March 29. Diabetic girl dies while parents pray.
March 18. Tarot card reader bilks clients with the old cleansing-the-curse scam.
March 16. Religious group dupes mentally unstable women into Bible studies and exorcisms to rid them of the snares of Satan.
March 14. A man posing as a priest cons an elderly woman with mental problems out of 40,000 euros. He tells her he needs the money for an exorcism against "obscure presences."
March 12. A Australian man was sent to prison for 19 years for strangling a woman he had told "he had psychic powers and could remove her evil spirits by having sex with her."
Finally, I posted a
letter
from a reader who agrees with me on almost everything except
acupuncture. I posted my response, which did not appease the
fellow at all.
The trouble with acupuncture, homeopathy, etc.
The reader who told me that he agreed with me about everything except acupuncture followed up his original email with several more in which he excoriated me for my blindness and lack of critical thinking. It is probably pointless for me to go over what I am about to go over but....
Let's begin by admitting that most people who have a favorable view of acupuncture, homeopathy, and other quack therapies came to their opinion from personal experience. Either they have used these treatments, they know someone who has, or they have heard about them in the mass media. They have not arrived at their beliefs by studying RCTs: randomized, double-blind, controlled trials. I am aware that many people feel better after acupuncture, homeopathy, etc. They are not deluded. They really feel better. Furthermore, many people have measurable physiological changes after receiving these therapies.
Many people really feel better and show measurable physiological changes after getting a placebo, the medical equivalent of a glass of water or a teaspoon of honey. I don't doubt that millions of people swore by the effectiveness of Airborne, that fraudulent cold remedy "created by a school teacher." The placebo effect is not completely understood but classical conditioning plays a part. Expectation also plays a part. Some people expect to feel better when they go to a healer, any healer, scientific or alternative. Some people also do not expect the treatment to do them any good and this, too, can affect the outcome. This last point is relevant especially when evaluating RCTs that compare acupuncture to pain pills, for example. In any case, the placebo effect works for scientific medicine, too. For example, think of the many people who swear antibiotics gave them relief from a viral infection. They really feel the relief. They really show physiological changes. They really get better. Yet, we know that none of this has anything to do with the antibiotic. It couldn't. Antibiotics don't act on viruses; they act on bacteria.

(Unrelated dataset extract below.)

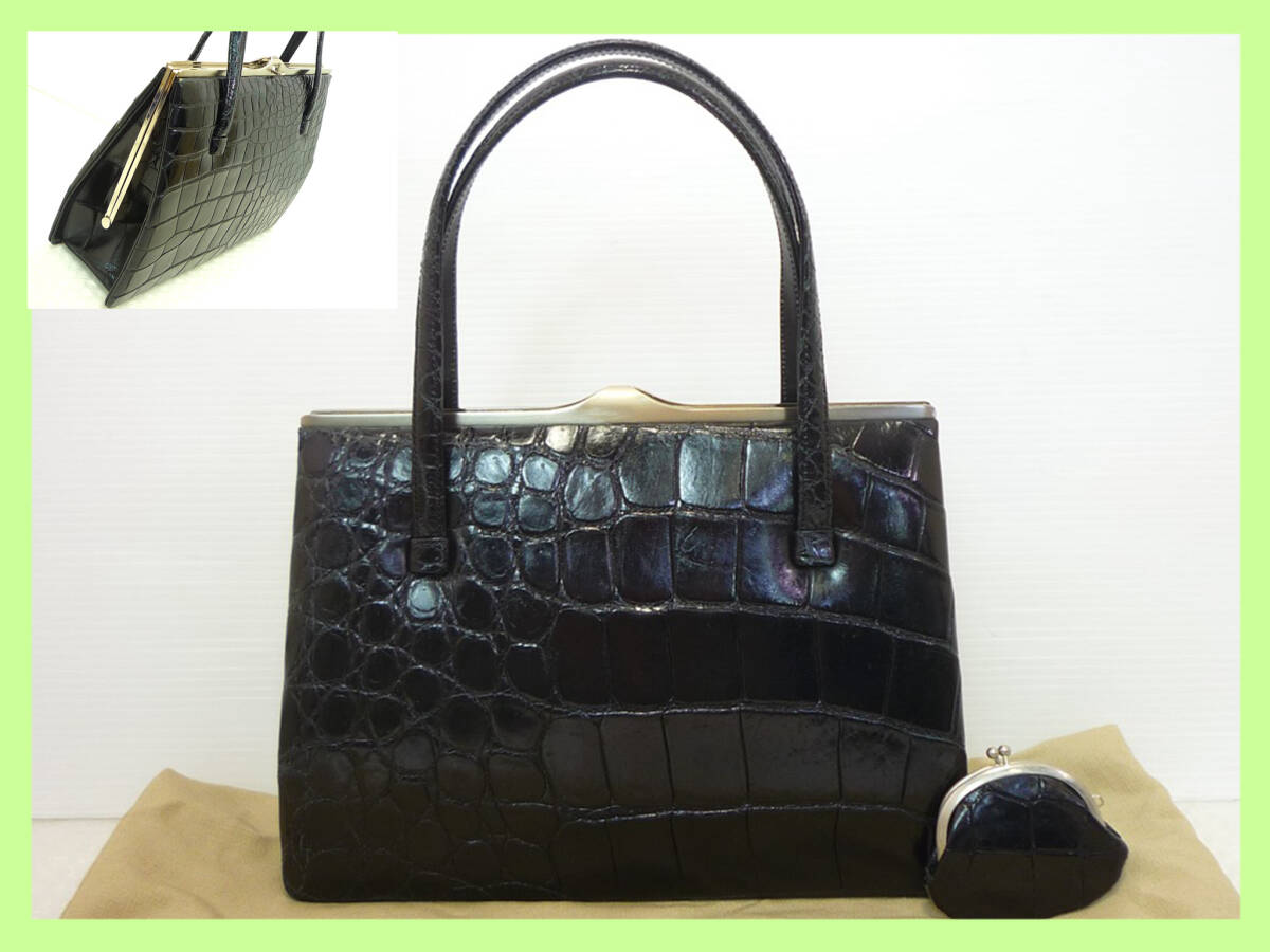 > シャイニング クロコダイル レザー ハンドバッグ 小銭入れ 袋付 セット 型押し 本革 ワニ革 黒 高級感 光沢 華美 着物 パーティ_C(検:JRA

Many, but not all, of the medicines your doctor gives you may work by the placebo effect. Some medicines we know are effective because of the results of RCTs. Such studies aren't perfect because, for example, drug companies aren't required to publish the data from all their studies and it is expected by the laws of probability that a certain percentage of all clinical trials, no matter how well designed and executed, will yield results that are statistically misleading. One conclusion we should draw from this fact is that usually a single study should not be taken to prove or disprove a hypothesis about a drug or treatment.

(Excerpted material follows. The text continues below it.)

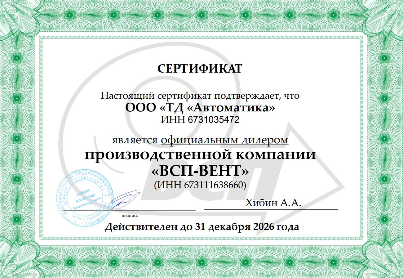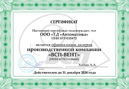 Сертификат официального дилера ПК "ВСП-ВЕНТ" (ИП Хибин А.А.)

Another thing to remember is that it is not always easy to do an RCT. Homeopathy is unlike acupuncture in that doing a double-blind study of homeopathy is simple; whereas doing a double-blind study of acupuncture seems impossible. There is no way that I can think of that an acupuncturist can do acupuncture and not know whether he or she is actually sticking needles into either the traditional points on the traditional meridians or in non-traditional points. Nor is there any way for an acupuncturist to not know whether he or she is sticking in and twirling the needle or not. Sham acupuncture requires the acupuncturist to be an actor who can leave the subject not knowing whether he has received acupuncture or not. One form of sham acupuncture requires the subject to be ignorant of where the needles are traditionally stuck. The other requires the subject to feel like he's been stuck even if he hasn't. The actor knows he's an actor and the knowledge of whether you are doing traditional acupuncture or not may be conveyed to the subject.
To me the fact that you cannot blind the acupuncturist in acupuncture studies means that some information is bound to leak to the subjects as to which group they are in. The nature of this leakage is likely to be that some getting either true or sham acupuncture will be able to figure out which they are getting. This would affect the outcome of the study in favor of acupuncture if the subjects mostly expect acupuncture to give them some relief, a likely event in such trials. People who think acupuncture is rubbish are not likely to volunteer. The effect may be small but it should not be unexpected to find that groups getting true acupuncture would get better results, even if only slightly better, than sham acupuncture groups. This is, in fact, what has been found in most high quality studies (an exception can be found here). The fact that both true and sham acupuncture get better results than some science-based therapy in RCTs supports the placebo hypothesis and argues against the acupuncture hypothesis.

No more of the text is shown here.